##### Data #####

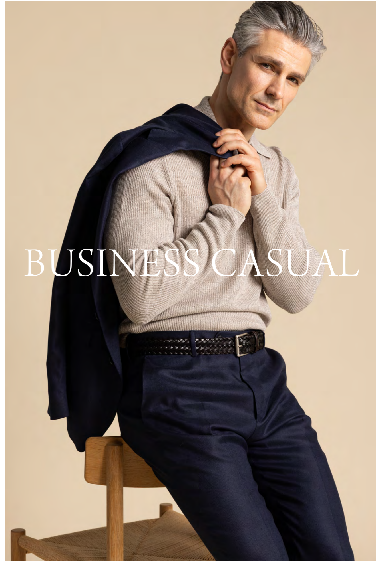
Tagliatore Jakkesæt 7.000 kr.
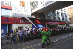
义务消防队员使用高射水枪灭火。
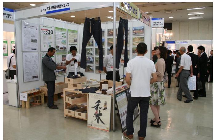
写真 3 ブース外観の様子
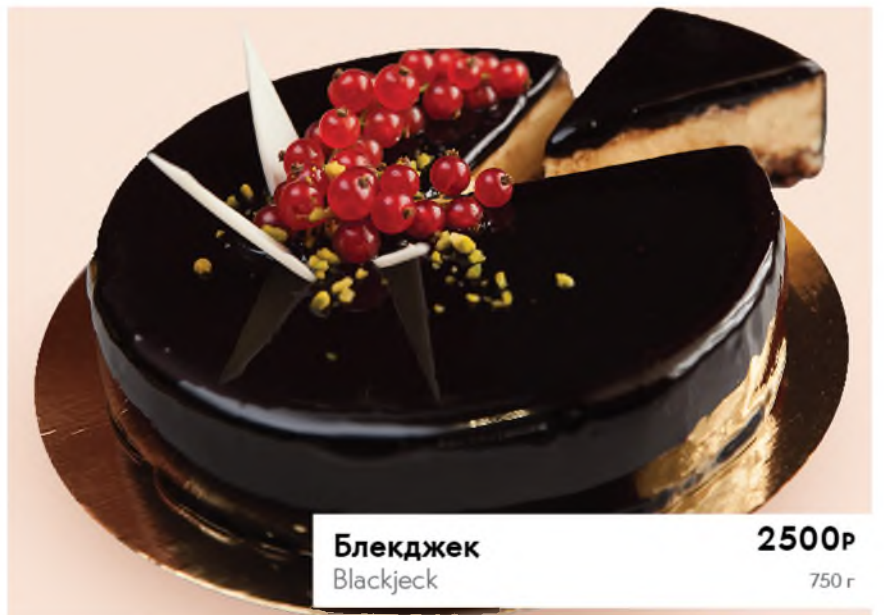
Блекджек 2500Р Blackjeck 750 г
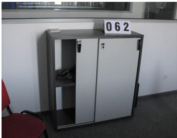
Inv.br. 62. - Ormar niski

#####
##### Data #####

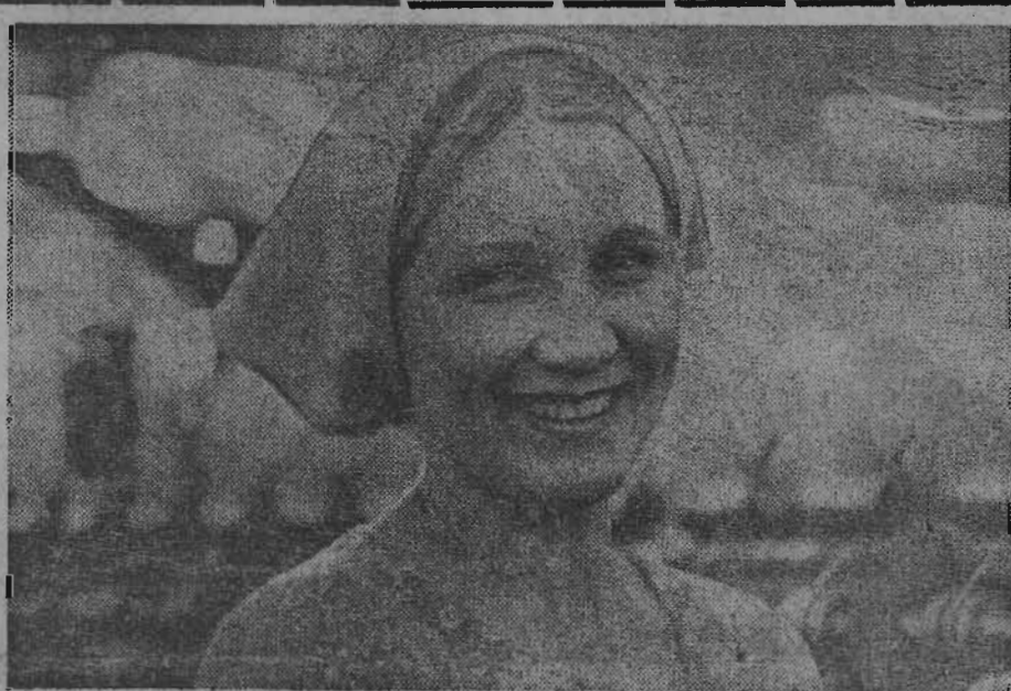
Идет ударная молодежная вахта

#####

* Directions for this task:
An exact copy is needed of the stretch above that opens with the line containing "义务消防队员使用高射水枪灭火。" and closes with the line containing "Inv.br. 62. - Ormar niski"; the pictures are not part of it.

* Problem solution:
义务消防队员使用高射水枪灭火。
写真 3 ブース外観の様子
Блекджек 2500Р Blackjeck 750 г
Inv.br. 62. - Ormar niski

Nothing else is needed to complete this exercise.